Penulis : GJ Nawi

Dalam sejarah parlementer di Indonesia, pernah sekali sebuah kabinet pemerintahan yang berkuasa diberi julukan Kabinet Pentjak. Yaitu kepada Kabinet Ali Sastroamidjojo I (31 Juli 1953 hingga 24 Juli 1955). Kiranya apa yang melatarbelakangi kabinet ini sampai diberi julukan Kabinet Pentjak?

Ada beberapa pendapat yang menjelaskan mengapa kabinet pemerintahan ke IV ini diberi julukan Kabinet Pentjak? Surat kabar berbahasa Belanda Nieuwsgier, 1 Agustus 1953 mengatakan bahwa Kabinet yang juga disebut Kabinet Ali Sastroamidjojo I ini mayoritas diisi dan diketuai oleh orang-orang yang mempunyai latar belakang ilmu bela diri khas Indonesia, Pencak Silat.

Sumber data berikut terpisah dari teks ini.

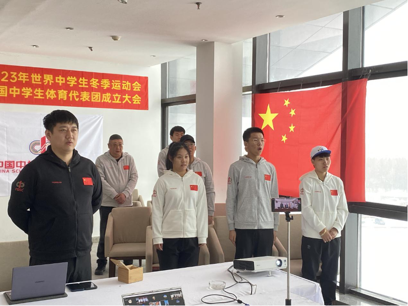2月6日上午,2023年世界中学生冬季运动会(以下简称“世界中冬会”)中国中学生体育代表团正式成立。来自全国6个省、自治区、直辖市21所中学的36名中学生运动员将参加高山滑雪、单板滑雪、越野滑雪、冰壶、花样滑冰等5个大项22个小项的比赛,代表团总数为65人。
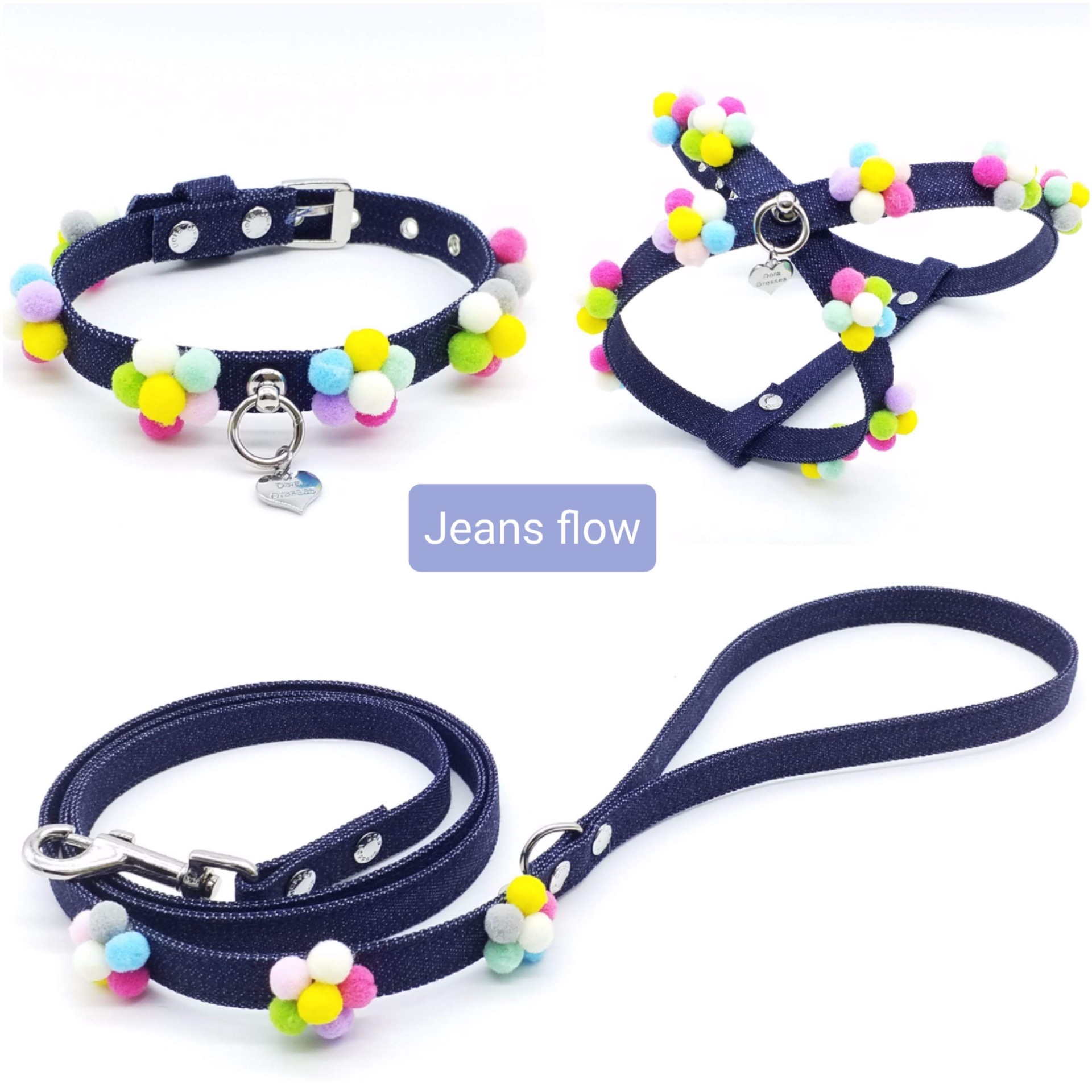 il Collare la pettorina ed il guinzaglio sono realizzati a mano e su richiesta in tessuto Jeans altezza 1,2 cm Ideale per cani di piccola taglia. controlla le disponibilità per effettuare l'ordine. puoi scegliere anche un solo accessorio per il tuo cagnolino. Il guinzaglio è lungo 120 cm e il moschettone e la metalleria sono come in foto.

Pertama, Ali Sastroamidjojo. Dalam kabinet ke IV pemerintahan Republik Indonesia ini, beliau ditunjuk sebagai ketua kabinet sekaligus sebagai kepala pemerintahan atau Perdana Menteri. Ali Sastroamidjojo sejak muda telah dikenal sangat menggemari pencak silat sewaktu masih di Grabag, Magelang. Beliau kerap mengikuti pelajaran pencak yang  diadakan oleh Taman Siswa. Saking menggemarinya akan pencak silat, dalam setia kampanye politik yang dilakukan Ali Sastroamidjojo atas nama PNI selalu menyertakan pencak silat sebagai daya tarik simpatisan dalam sebuah pertunjukkan hiburan.

Ali Sastroamidjojo pula yang mengusulkan agar pengamanan selama Konferensi Asia Afrika di Bandung tahun 1955 dipercayakan kepada orang-orang Pencak Silat[1].

Atraksi pencak silat dihadapan Ali Sastroamidjojo pada kampanye PNI, Jakarta, September 1955. (Sumber: Majalah LIFE-Howard Sochurek)

Kedua, Mr. Wongsonegoro. Sebagai wakil ketua I kabinet yang merangkap Wakil Perdana Menteri I, Mr. Wongsonegoro menjadi pusat perhatian dari pemberian julukan Kabinet Pentjak pada kabinet ini. Karena Wongsonegoro adalah tokoh politik yang juga praktisi pencak silat, bahkan Mr. Wongsonegoro adalah juga ketua sekaligus pendiri organisasi IPSI (Ikatan Pencak Silat Seluruh Indonesia) di Yogyakarta tahun 1948.

Ketiga, adalah KH. Zainul Arifin. Sebagai seseorang tokoh politik yang dibesarkan di lingkungan santri dan budaya Melayu, Zainul Arifin sangat akrab dengan tradisi pencak silat. Zainul Arifin lahir sebagai anak tunggal dari pasangan raja Barus, Sultan Ramali bin Tuangku Raja Barus Sultan Sahi Alam Pohan (ayah) dengan bangsawan asal Kotanopan, Mandailing Natal, Siti Baiyah br. Nasution. Ketika Zainul masih balita, kedua orang tuanya bercerai dan ia dibawa pindah oleh ibunya ke Kotanopan, kemudian ke Kerinci, Jambi. Di sana ia menyelesaikan Hollandsch-Inlandsche School (HIS) dan sekolah menengah calon guru, Normal School. Selain itu, Arifin juga memperdalam pengetahuan agama di madrasah dan surau saat menjalani pelatihan seni bela diri Pencak Silat. Arifin juga seorang pecinta kesenian yang aktif dalam kegiatan seni sandiwara musikal Melayu, Stambul Bangsawan sebagai penyanyi dan pemain biola. Stambul Bangsawan merupakan awal perkembangan seni panggung sandiwara modern Indonesia. Dalam usia 16 tahun, Zainul merantau ke Batavia (Jakarta).

Di era Perang Kemerdekaan KH. Zainul Arifin ikut mewakili NU dalam kepengurusan Majelis Syuro Muslimin Indonesia (Masyumi) dan terlibat dalam pembentukan pasukan semi militer Hizbullah. Beliau ditunjuk sebagai Panglima Laskar Hizbullah, dan membuka pelatihan kelaskaran di Cibarusah tentu dengan sisipan pelatihan-pelatihan pencak silat sebagai sarana pembelaan diri kelaskaran.

Kabinet Ali Sastroamidjojo I (31 Juli 1953-24 Juli 1955) yang dijuluki sebagai Kabinet Pentjak, dan menjadi satu-satunya Kabinet Pentjak dalam sejarah parlementer dan pemrintahan di Indonesia

[1] Wilson, ractise Pencak Silat in West Java, hlm. 256.